Using Reo for Compliance-driven Design of Service-Oriented Applications

Currently, there are no well-established techniques to ensure dynamic and ongoing compliance of services-oriented applications to business regulations that come out from legislative and regulatory documents such as Basel II1, IFRS2, MiFID3, LSF4, HIPAA, Tabaksblat5, and the Sarbanes-Oxley6 Act, as well as from internal movements of business stakeholders towards Quality of Service (QoS). Recently started EU FP7-ICT COMPAS (Compliance driven Models, Languages, and Architectures for Services) project aims at bridging this gap, in particular, by developing formally grounded models for expressing service behaviour and advanced process constraints. Business Process Modeling Notation (BPMN) is the most widely-used language for capturing business processes at the level of domain analysis. However, it is rather declarative and may lead to the development of executable models which are incomplete or semantically erroneous. Therefore, an approach for expressing and analyzing BPMN diagrams in a formal way is required.

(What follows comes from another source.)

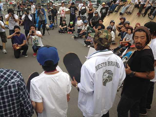 そして先週末はAJSAプロツアー開幕戦に行って来ました。コンテストやイベントはやっぱり天気が気になるところではありますが今回はまったく天気の心配なし。いいね。雨の予報で微妙な30%とかだとスタッフは現地入りして開催できるかジャッジするケースがあります。降ったり止んだりだと雨が止んだタイミングでセクションを拭いたり水溜りをつぶしたりして出来るだけ開催できるようにみんなでがんばるの。ライダーやギャラリーも巻き込んでみんなで会場復旧に全力投球。でもまた降ってきちゃったりしてさ。そういうのも楽しいコンテスト。今回はそういう心配なしにこのAJSAスタッフ&ジャッジ陣が集結してプロツアー開幕戦が始まります。この面子は日本のスケートボードシーンを見続けて支え続けてきた面々であります。ジェッツ。

The objective of my talk is three-fold. First, I briefly introduce primary goals and tasks of the COMPAS project. Second, I consider the main business process modeling primitives as defined in BPMN and show how Reo tools can be used to model and refine their semantics. Third, I sketch some initial ideas on how compliance concerns can be incorporated into Reo process models and their mathematical abstractions.